● INSTRUCTIONS TO FOLLOW: Exactly the lines below, starting with the one containing "ピアス ステンレス 金属アレルギー" and going on through the one containing "स्वास्थ्यगत और पारिवारिक", must be reproduced, both ends included, and no pictures with them.

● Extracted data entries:
────────────────────

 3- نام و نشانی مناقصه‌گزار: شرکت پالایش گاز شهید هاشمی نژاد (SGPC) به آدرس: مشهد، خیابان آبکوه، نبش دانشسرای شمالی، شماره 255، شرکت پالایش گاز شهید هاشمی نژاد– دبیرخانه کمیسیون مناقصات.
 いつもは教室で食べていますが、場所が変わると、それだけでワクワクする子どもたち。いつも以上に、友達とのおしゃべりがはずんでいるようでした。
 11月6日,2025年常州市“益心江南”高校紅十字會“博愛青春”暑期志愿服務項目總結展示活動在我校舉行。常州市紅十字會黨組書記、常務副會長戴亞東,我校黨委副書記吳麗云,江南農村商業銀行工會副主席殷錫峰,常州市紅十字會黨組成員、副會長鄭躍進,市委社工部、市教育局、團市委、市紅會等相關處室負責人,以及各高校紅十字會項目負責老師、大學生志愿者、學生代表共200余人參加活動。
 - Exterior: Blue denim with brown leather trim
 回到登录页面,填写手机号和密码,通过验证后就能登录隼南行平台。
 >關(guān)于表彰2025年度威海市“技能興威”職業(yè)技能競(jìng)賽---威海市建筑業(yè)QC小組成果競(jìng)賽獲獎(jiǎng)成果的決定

────────────────────

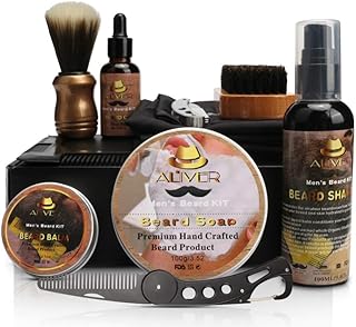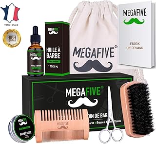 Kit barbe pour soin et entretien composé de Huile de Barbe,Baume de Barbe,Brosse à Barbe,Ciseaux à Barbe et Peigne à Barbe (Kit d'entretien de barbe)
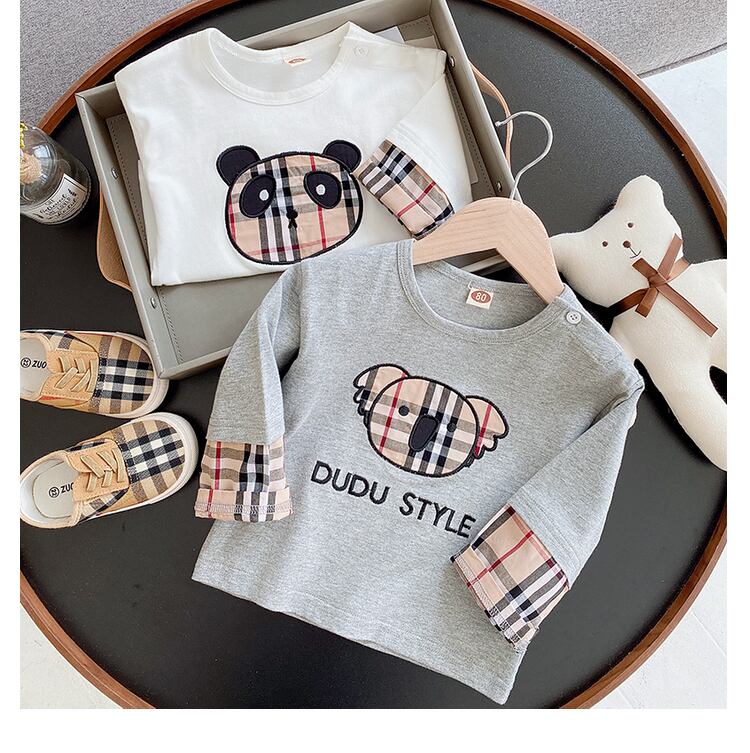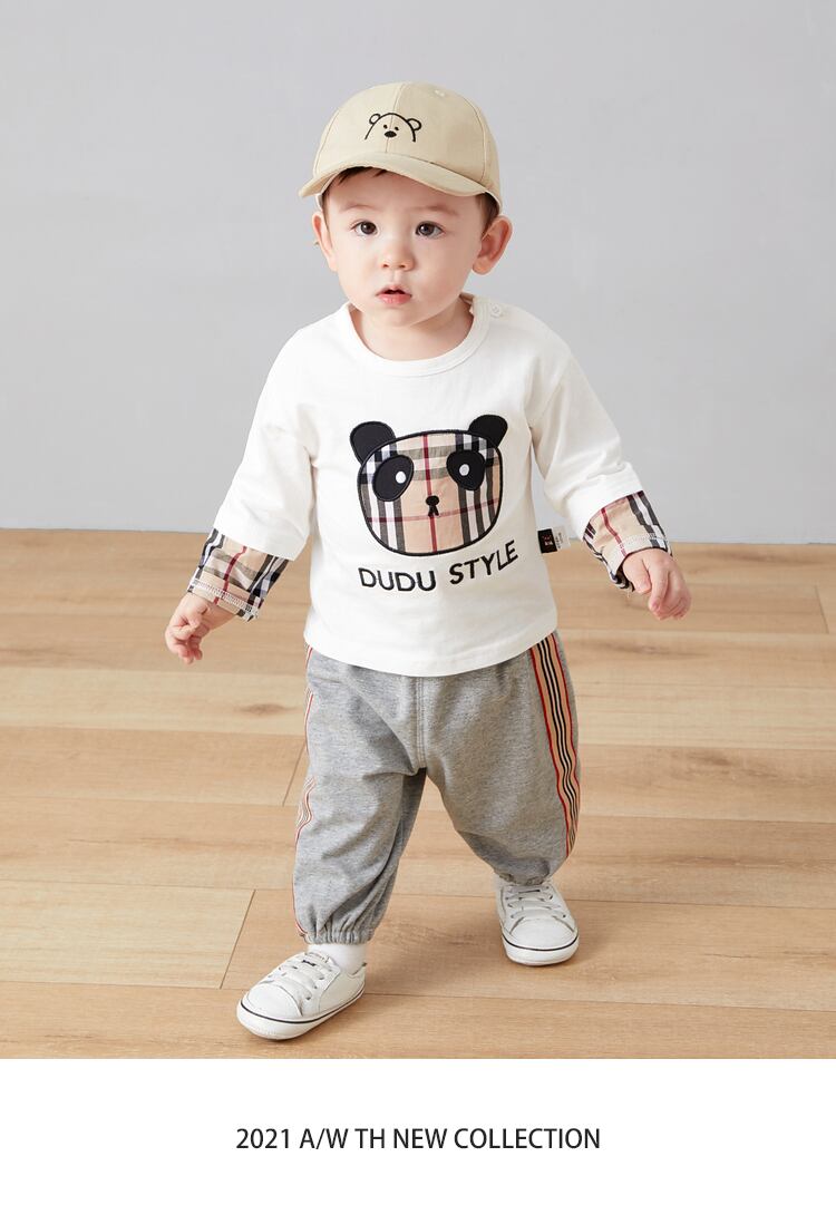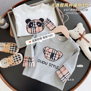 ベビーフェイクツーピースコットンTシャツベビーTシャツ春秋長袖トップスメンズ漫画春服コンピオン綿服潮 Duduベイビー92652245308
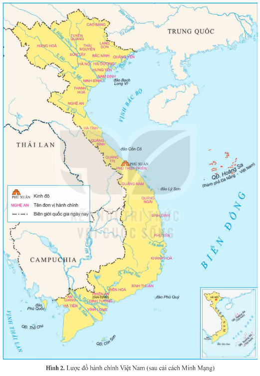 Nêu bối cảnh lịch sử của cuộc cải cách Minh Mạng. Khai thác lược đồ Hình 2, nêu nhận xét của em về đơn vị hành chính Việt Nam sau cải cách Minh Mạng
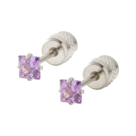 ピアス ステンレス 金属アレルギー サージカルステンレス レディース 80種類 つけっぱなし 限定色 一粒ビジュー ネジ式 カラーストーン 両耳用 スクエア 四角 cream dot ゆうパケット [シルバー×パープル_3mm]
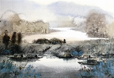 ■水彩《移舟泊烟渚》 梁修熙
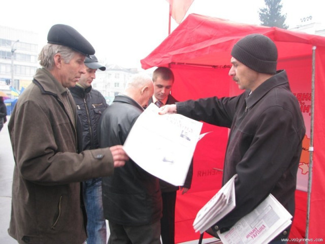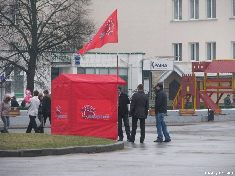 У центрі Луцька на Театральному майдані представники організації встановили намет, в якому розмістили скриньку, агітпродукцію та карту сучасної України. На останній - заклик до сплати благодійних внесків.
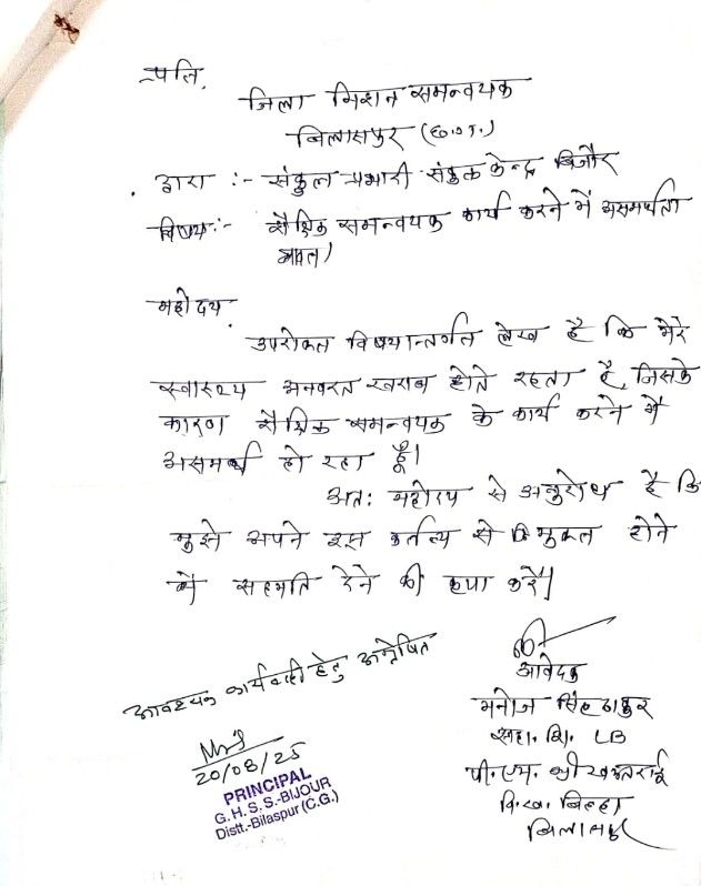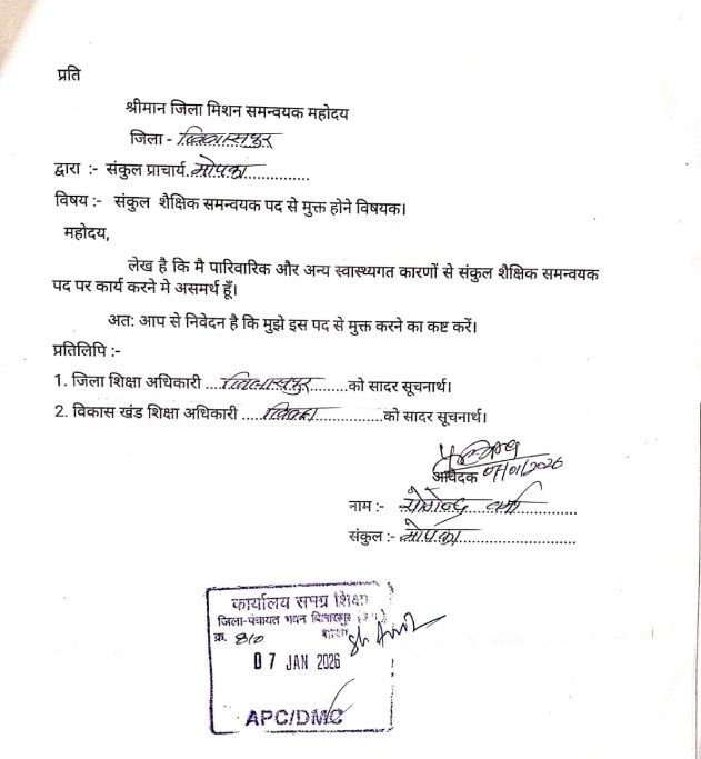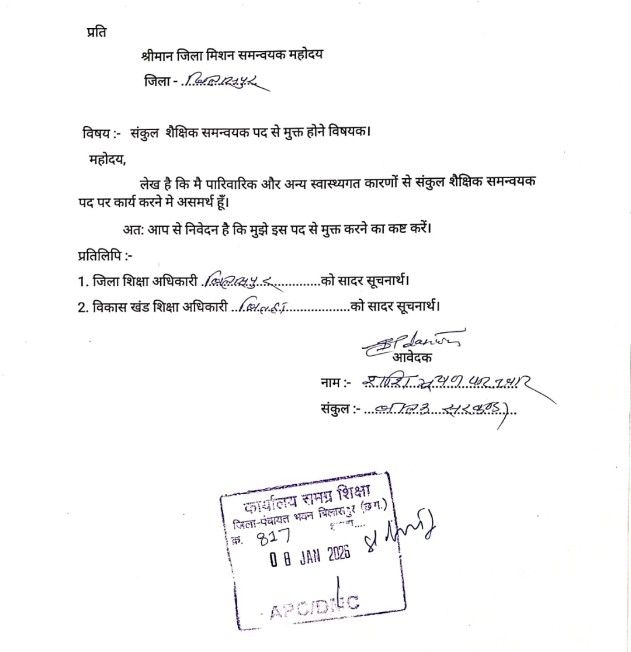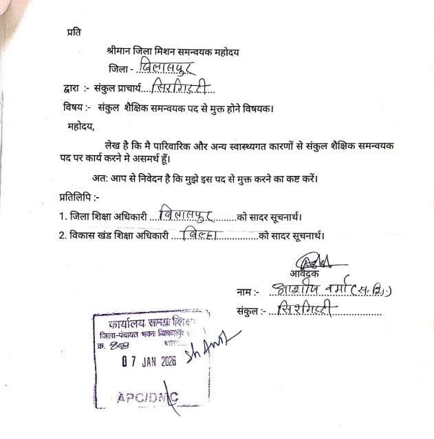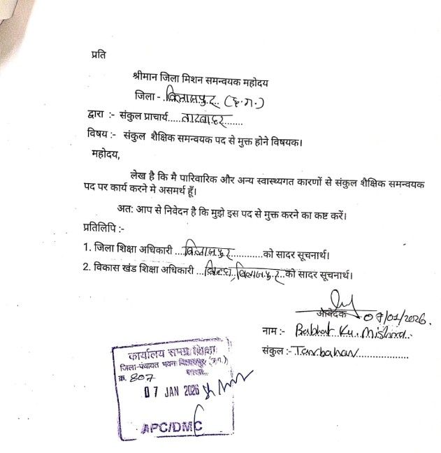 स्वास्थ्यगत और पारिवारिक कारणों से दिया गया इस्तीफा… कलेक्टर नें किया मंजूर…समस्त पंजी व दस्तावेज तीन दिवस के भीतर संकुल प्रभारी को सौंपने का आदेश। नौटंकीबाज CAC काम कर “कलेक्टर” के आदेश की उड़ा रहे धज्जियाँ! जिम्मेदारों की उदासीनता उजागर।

────────────────────

● REPLY:
 ピアス ステンレス 金属アレルギー サージカルステンレス レディース 80種類 つけっぱなし 限定色 一粒ビジュー ネジ式 カラーストーン 両耳用 スクエア 四角 cream dot ゆうパケット [シルバー×パープル_3mm]
 ■水彩《移舟泊烟渚》 梁修熙
 У центрі Луцька на Театральному майдані представники організації встановили намет, в якому розмістили скриньку, агітпродукцію та карту сучасної України. На останній - заклик до сплати благодійних внесків.
 स्वास्थ्यगत और पारिवारिक कारणों से दिया गया इस्तीफा… कलेक्टर नें किया मंजूर…समस्त पंजी व दस्तावेज तीन दिवस के भीतर संकुल प्रभारी को सौंपने का आदेश। नौटंकीबाज CAC काम कर “कलेक्टर” के आदेश की उड़ा रहे धज्जियाँ! जिम्मेदारों की उदासीनता उजागर।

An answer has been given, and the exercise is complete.